= WORK TO BE COMPLETED =
What should be copied is the stretch of entries below from the line with "En el festejo" up to and including the line with "- Цвет и декор:Katana", exactly and without images.

= DATA TO USE =

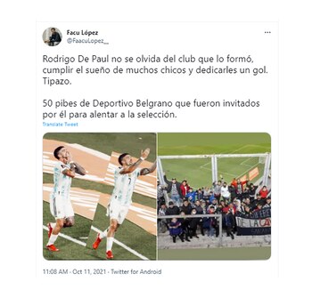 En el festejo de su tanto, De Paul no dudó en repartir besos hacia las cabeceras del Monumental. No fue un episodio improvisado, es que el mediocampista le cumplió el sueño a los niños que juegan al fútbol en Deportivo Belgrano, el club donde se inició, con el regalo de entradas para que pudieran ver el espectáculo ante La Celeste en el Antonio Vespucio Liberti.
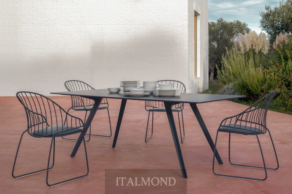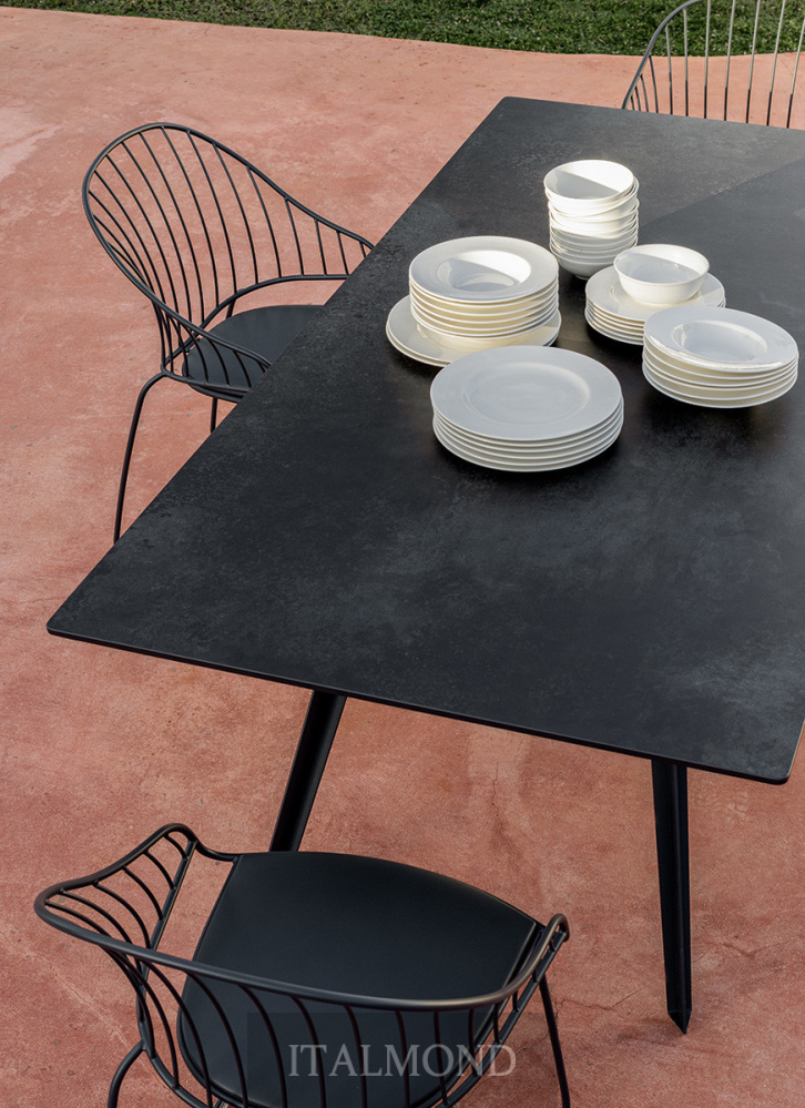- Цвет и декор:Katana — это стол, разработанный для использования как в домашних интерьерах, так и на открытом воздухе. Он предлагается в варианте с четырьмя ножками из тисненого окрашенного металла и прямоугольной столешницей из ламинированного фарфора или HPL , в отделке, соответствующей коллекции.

--

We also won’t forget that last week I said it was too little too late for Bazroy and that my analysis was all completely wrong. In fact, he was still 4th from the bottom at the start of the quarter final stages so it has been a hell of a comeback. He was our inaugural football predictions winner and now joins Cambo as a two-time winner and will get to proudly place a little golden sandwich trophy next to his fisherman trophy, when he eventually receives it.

= WRITTEN RESPONSE =
 En el festejo de su tanto, De Paul no dudó en repartir besos hacia las cabeceras del Monumental. No fue un episodio improvisado, es que el mediocampista le cumplió el sueño a los niños que juegan al fútbol en Deportivo Belgrano, el club donde se inició, con el regalo de entradas para que pudieran ver el espectáculo ante La Celeste en el Antonio Vespucio Liberti.
- Цвет и декор:Katana — это стол, разработанный для использования как в домашних интерьерах, так и на открытом воздухе. Он предлагается в варианте с четырьмя ножками из тисненого окрашенного металла и прямоугольной столешницей из ламинированного фарфора или HPL , в отделке, соответствующей коллекции.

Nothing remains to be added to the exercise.